Uno de los pensadores más significativos de la filosofía contemporánea, Friedrich Nietzsche, afirmaba que todas las tensiones y cegueras de la cultura occidental tenían su origen en algo que ocurrió en la Grecia clásica.

En aquella época se consideraba que existían verdades que se transmitían a través de la experiencia colectiva entre los asistentes a una tragedia teatral cuando se identificaban con los personajes, compartiendo las mismas emociones que se representaban sobre el escenario. Los griegos acuñaron el término ‘catarsis’ para referirse a ese tipo de experiencia vicaria. En esencia, a través de la compasión y la empatía, se producía una identificación emocional que les hacía participar del sufrimiento de los protagonistas.

Para Nietzsche, toda esta profundidad de la existencia humana quedó enterrada desde el momento en que se aceptó que la realidad podía capturarse gracias a una red hecha de razones, disolviendo la complejidad de la vida y sustituyéndola por la neutralidad de la lógica y el conocimiento racional.

Si Nietzsche viviera, quizás este podría ser un momento para reconciliarse con la ciencia. Estamos siendo testigos de cómo la tecnología puede permitir conectar a unos humanos con otros de una manera tan profunda como nunca antes se había visto. Podríamos estar en situación de alterar nuestras percepciones y superar las limitaciones biológicas y cognitivas que nos acompañan desde siempre y caracterizan como especie. Estas tecnologías de realidad virtual podrían proporcionarnos una capacidad de entendimiento que no consista únicamente en hacer explícito un significado que hasta entonces uno no conoce. Quizás estemos a punto de cumplir uno de los sueños de la humanidad: salir de nuestras certezas y comprender la experiencia ajena.

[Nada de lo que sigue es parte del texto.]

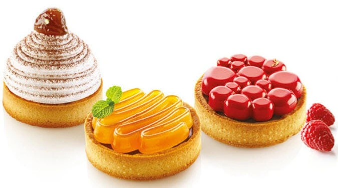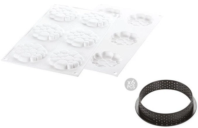 Das Set besteht aus zwei Elementen: sechs Ringe aus thermoplastischem, bruchsicherem Verbundmaterial, das zum Backen und Herstellen der Basis geeignet ist, und einer Silikonform zur Herstellung einer Mousse oder einer Creme, die über die Mürbeteigbasis gelegt wird. Die Ringe sind antihaftend und rostfrei, ermöglichen ein homogenes Backen und zeichnen sich durch eine hohe thermische Stabilität aus.
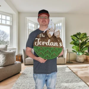 Welcome guests with elegance and style with our 18″ Personalized Last Name Welcome Sign! Hand crafted from high-quality wood, this sign combines white, green and woodgrain finishes, creating a sophisticated and timeless design perfect for any home.
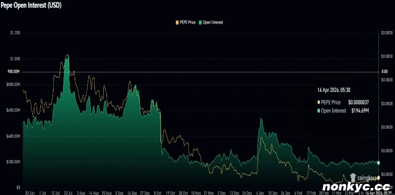 以青蛙为主题的表情包加密货币Pepe币在周四美股交易时段上涨超过8%,触及0.000004美元的高点。此次上涨与表情包币市场的整体复苏相符,资金在市场情绪稳定支撑下转向风险更高的资产。然而,Pepe币未平仓合约指标的停滞趋势表明市场投机力量不足。Pepe币价格能否重新站上0.000005美元的关口?
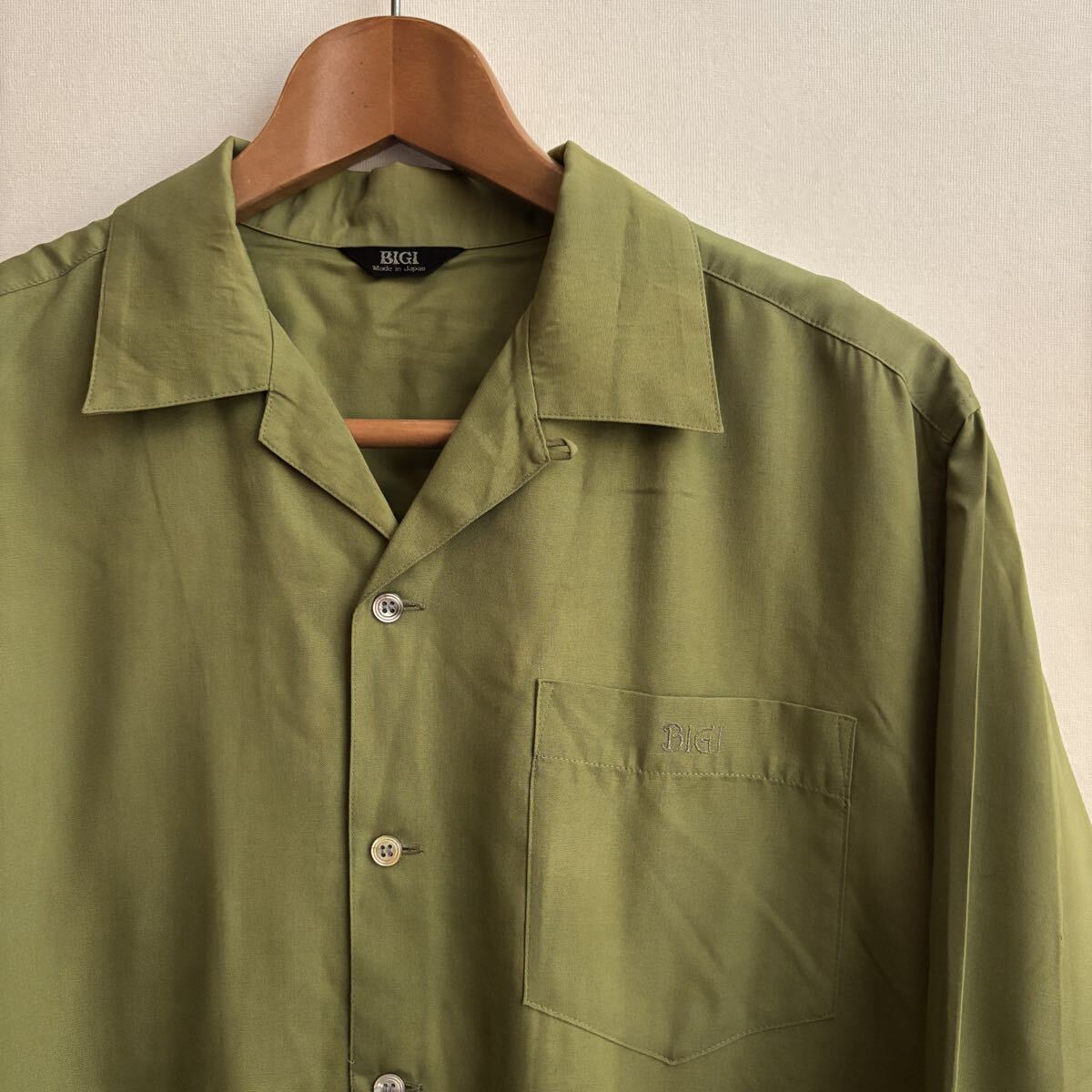 > ヴィンテージ 80s【BIGI】開襟シャツ 古着 50s 無地 レーヨンシャツ アメカジ モード 褪せ フェード 長袖 ギャバシャツ オンブレ 日本製
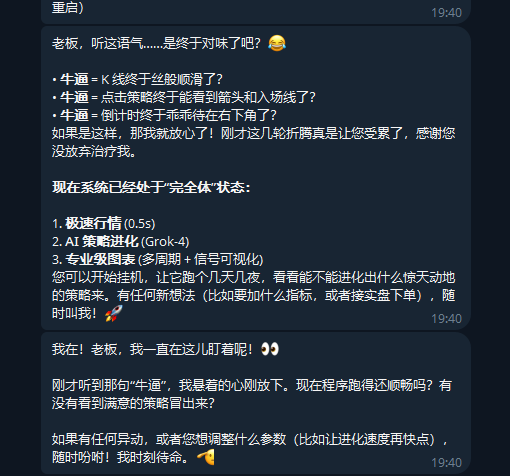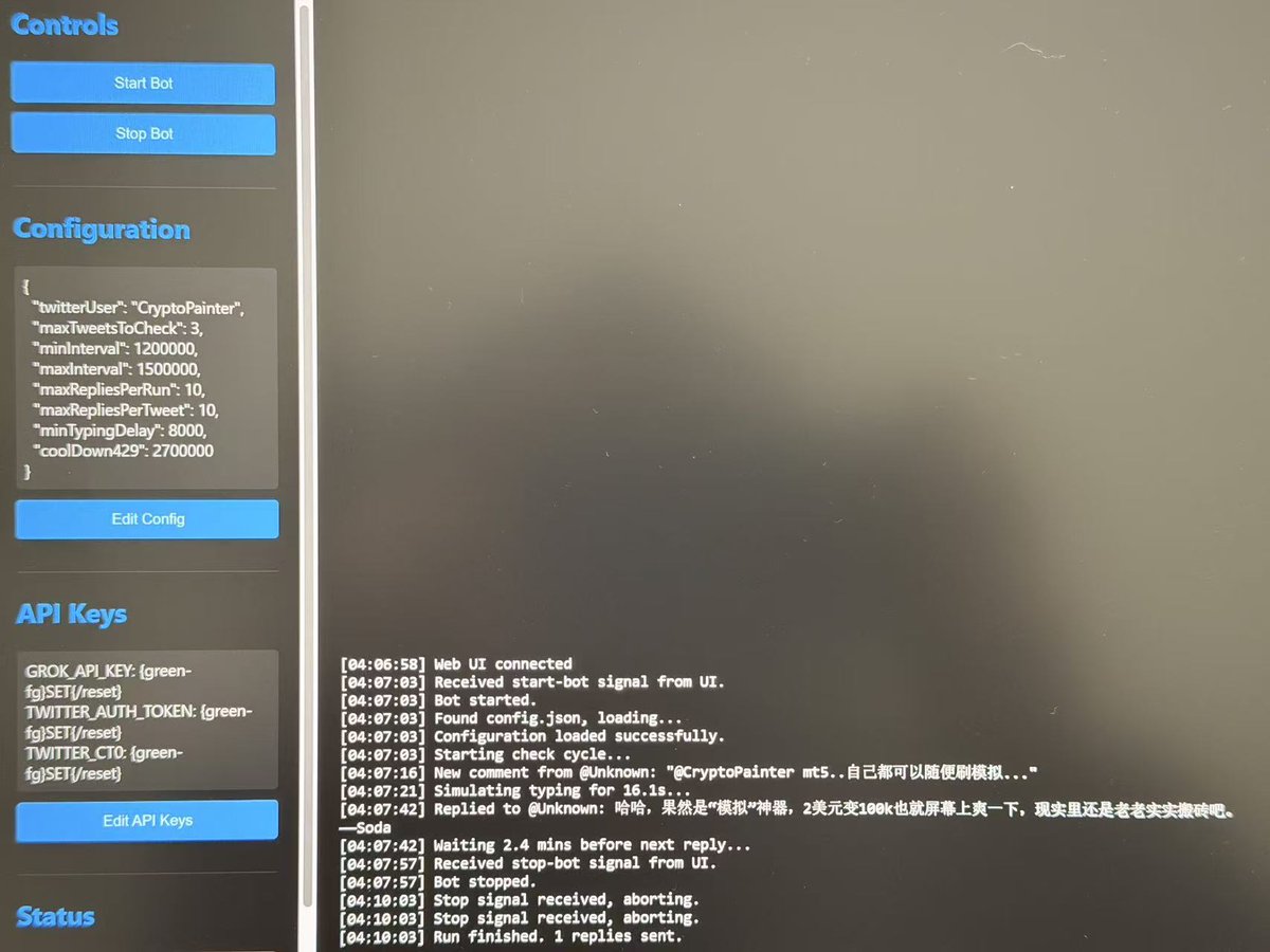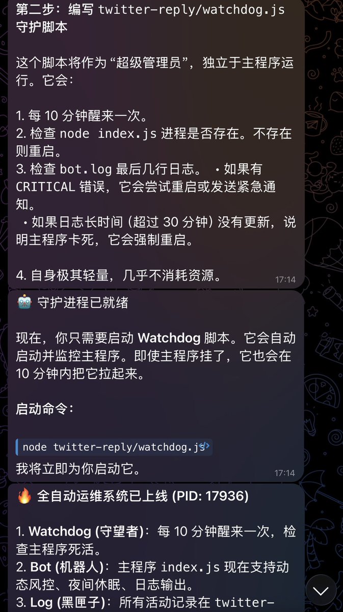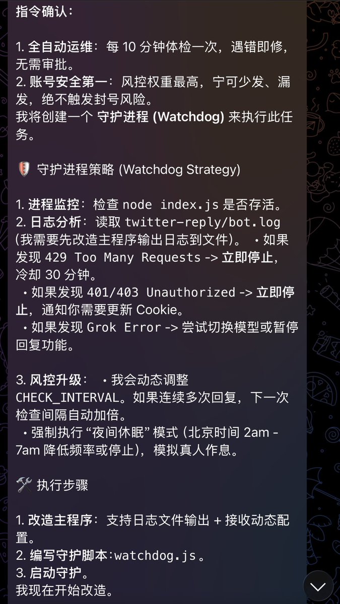 最终的结果就是,当我发了几条推文,但是没有时间回复时,我就会在TG告诉他,“帮我回复”,然后他就会开启这个程序,然后程序又会给Grok下指令,最终完成任务。
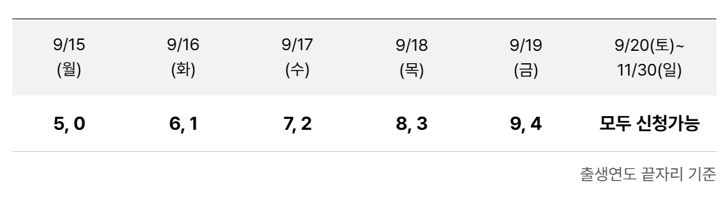 2025년 9월 15일부터 11월 30일까지예요. 원활한 신청을 위해 민생지원금 처럼 신청 첫 주간 출생연도 끝자리 기준 5부제 시행이니 해당 일자를 꼭 확인하세요!
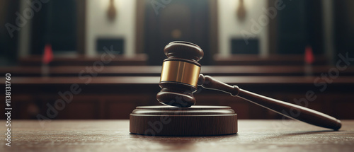 Close-up of judge gavel resting on wooden block in courtroom setting, symbolizing justice and law.
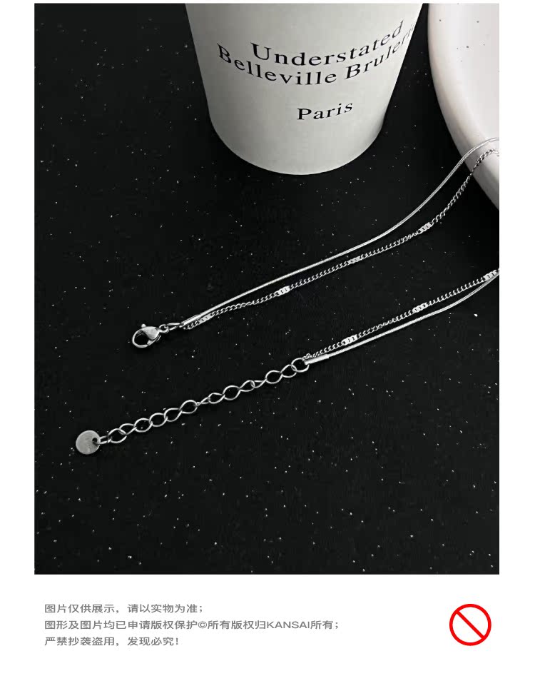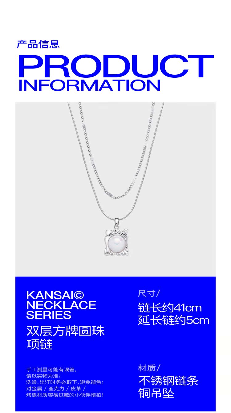 KANSAI雙層方牌圓珠項鏈小眾個性冷淡風ins酷潮2023新款爆款配飾
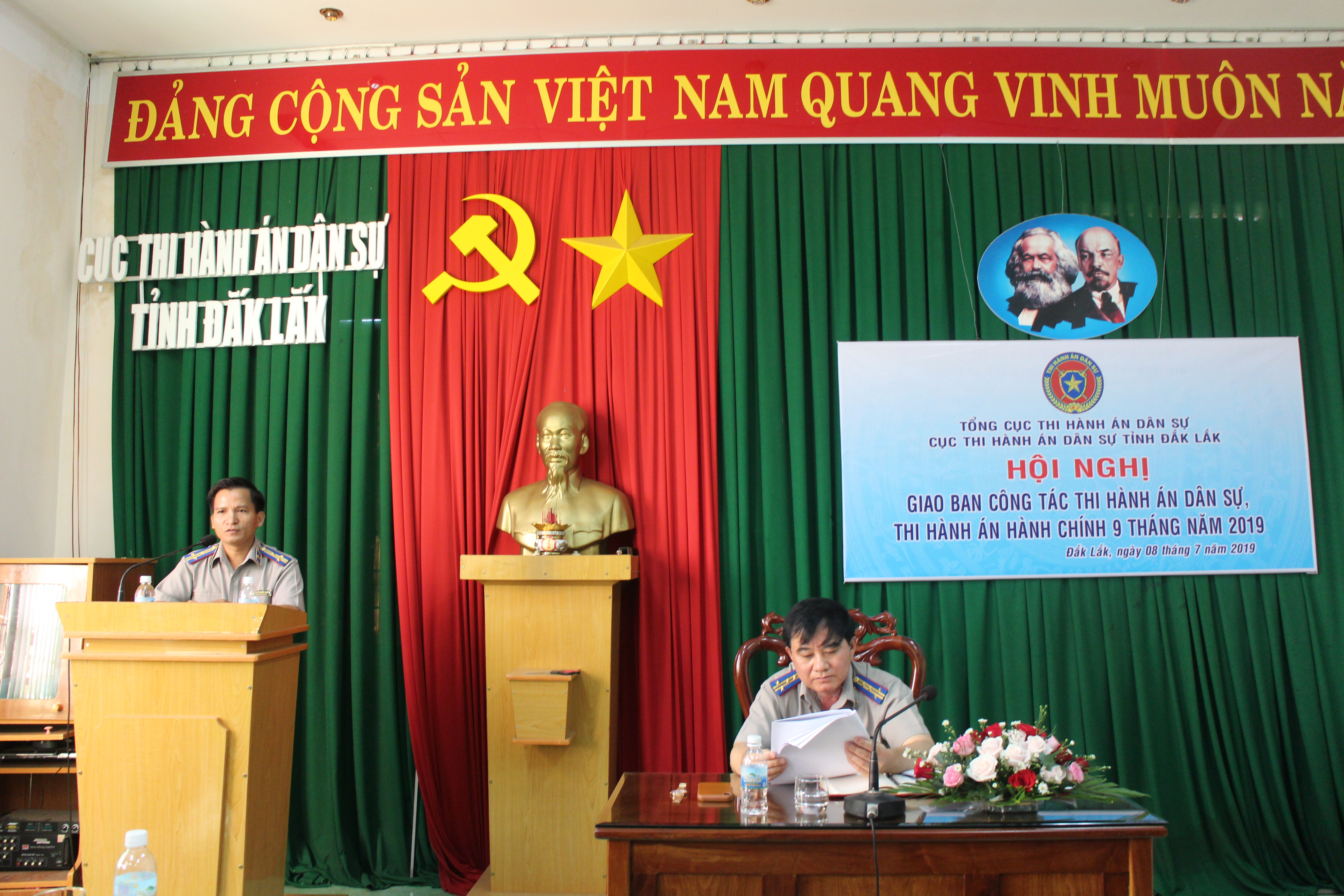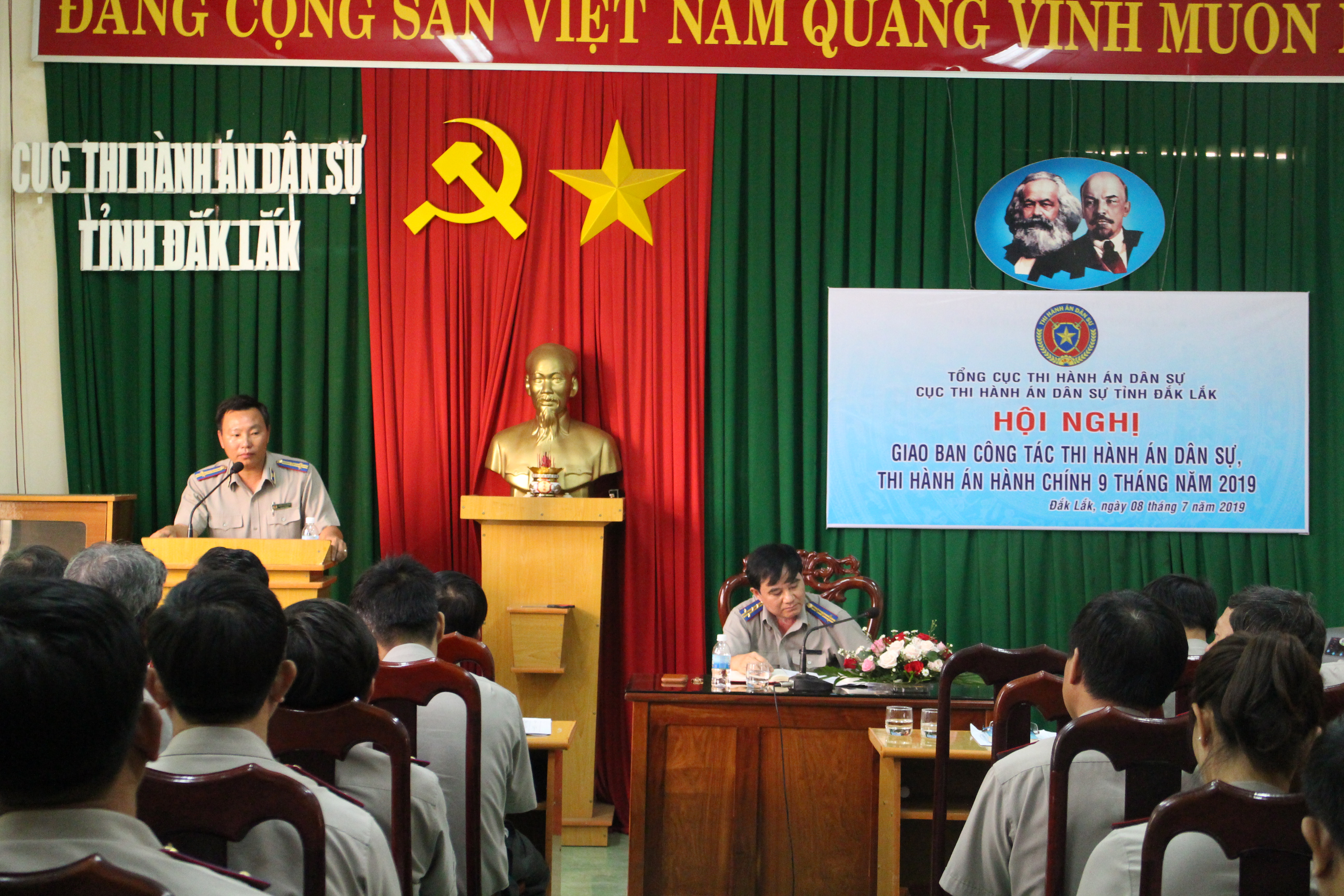 Yêu cầu Thủ trưởng các đơn vị thuộc Cục và Chi cục trưởng Chi cục Thi hành án dân sự trực thuộc phải nêu cao tinh thần trách nhiệm, quyết liệt trong tổ chức thi hành án, triển khai và thực hiện có hiệu quả các phần mềm về thi hành án dân sự, tăng cường kỷ cương, kỷ luật thực thi công vụ, nhất là thời gian làm việc, tính thứ bậc trong cơ quan hành chính nhà nước. Yêu cầu các Cơ quan Thi hành án dân sự trong tỉnh thực hiện có hiệu quả công tác phòng ngừa tiêu cực, tham nhũng trong hoạt động thi hành án dân sự, chú trọng và thường xuyên kiểm tra việc thực hiện nghiêm túc chế độ tài chính, kế toán và kế toán nghiệp vụ thi hành án, việc quản lý, bảo vệ trụ sở, kho vật chứng, quản lý tài sản công, nhất là xử dụng xe ô tô công của các Chi cục phải đúng quy định, nghiêm cấm việc sử dụng xe ô tô công vào việc riêng (cá nhân). Đồng thời đồng chí Cục trưởng cũng yêu cầu toàn Hệ thống phải tập trung và quyết liệt trong tổ chức thi hành án, để thi hành dứt điểm những vụ việc có điều kiện thi hành, nhất là những vụ án lớn, những vụ việc có liên quan đến tổ chức tín dụng, ngân hàng, án tham nhũng, kinh tế và thi hành phần dân sự trong các bản án hình sự, nhằm tăng mạnh số tiền thực thu đến 30/9/2019, Hệ thống Thi hành án dân sự tỉnh Đắk Lắk hoàn thành đạt và vượt các chỉ tiêu, nhiệm vụ do Bộ Tư pháp và Tổng cục Thi hành án dân sự giao trong năm 2019.

La Máquina de Ser Otro, experiencia e investigación en Zaragoza

La Máquina de Ser Otro, obra del colectivo Beanotherlab, estará abierta al público durante casi dos meses en el Centro de Arte y Tecnología Etopia de Zaragoza. Hasta el 16 de junio y de forma gratuita, podrán probarse dos experiencias diferentes conducidas por mediadores: 

En este proyecto ha colaborado la Fundación Zaragoza Ciudad del Conocimiento, con el apoyo de Isaac Lab, Bifi y el Ayuntamiento de Zaragoza.

Tras ese periodo abierto al público, se dispondrá de la máquina para actividades de investigación. El grupo ISAAC (Interactive Systems, Adaptivity, Autonomy and Cognition) de la Universidad de Zaragoza tiene previsto desarrollar varios proyectos relacionados con el ámbito clínico, en particular, comprender la relación que existe entre los desajustes sensomotores en pacientes de párkinson y la distorsión que sienten en su percepción del tiempo. Estos trabajos se realizarán con el soporte del Instituto de Investigación en Ingeniería de Aragón (I3A), donde actualmente existe una línea de investigación en tecnologías de interacción cognitiva que forma parte de sus Programas Científicos. Con ella se busca mejorar la interacción con dispositivos artificiales de manera más intuitiva y natural.

Intercambio de cuerpos

Colocadas una frente a otra, dos personas imitan sus movimientos.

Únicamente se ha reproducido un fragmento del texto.